Réalisation : Gessica Généus
Durée : 1 H 33
Avec : Néhémie Bastien, Fabiola Remy, Djanaïna François
Voilà un film qui fait écho à un pays en crise depuis le tremblement de terre qui l’a dévasté en 2010. C’est ainsi que des images de soulèvement spontanés et de manifestations contre le cout de la vie entrecoupent à intervalles réguliers l’histoire qui nous est contée. Elle s’attarde sur trois femmes en lutte pour leur survie faisant chacune un choix différent. Freda, étudiante engagée, s’investi dans la vie associative et militante, sa sœur Jeannette ne rêve que de quitter Haïti et n’hésite pas à user de ses charmes pour séduire un homme pouvant l’amener ailleurs. Quant à leur mère Esther, abandonnée par son mari, elle est résignée face à la réalité patriarcale qui l’opprime. Elle incarne parfaitement l’état actuel du pays. Elle ne sait plus comment sauver sa petite famille, la protéger, mais a-t-elle pu les élever normalement ? Et a-t-elle encore les ressources nécessaires pour faire face aux événements ? Film de femme porté par des femmes et leurs liens puissants, Freda questionne aussi leur place : celle qu’on leur assigne, à laquelle elles décident de se soumettre, ou au contraire de se soustraire. Toute trois vivent des très modestes revenus de leur épicerie de quartier. Nous les accompagnons dans les rues de Port-au-Prince et sa vie noctambule où on va surtout suivre Freda. Elle représente une jeunesse Haïtienne qui ne veut plus se taire. Fini de se plier à la volonté des autres. Nous suivons chaque personnage avec ses contradictions en observant non pas leurs certitudes mais plutôt leur confusion, parfois leur bizarreries frisant l’excentricité. Mais pas de misérabilisme ni de mélodrame ici, même si, au détour d'une phrase, l'on apprend ce qu'a subi l'une des trois femmes dans le passé.
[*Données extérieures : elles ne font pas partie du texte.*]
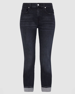 Coupe skinny / jean droit stretch / coupe courte taille mi- haute / Noir intense et revers

On perçoit que la réalisatrice vient du cinéma documentaire. Cela au travers de l’observation délicate qu’elle fait des protagonistes en scrutant résolument leurs visages en allant au-delà des cas qu’ils représentent. C’est dans un contexte politique délétère qu’elle a pu mener jusqu’au bout le tournage de Freda grâce à l’aide des habitants d’un quartier de la capitale. Il nous offre une fin ouverte avec un plan bouleversant, long regard de la camera sur Jeannette qui révèle le déchirement d’un personnage que le film a l’intelligence de ne pas juger.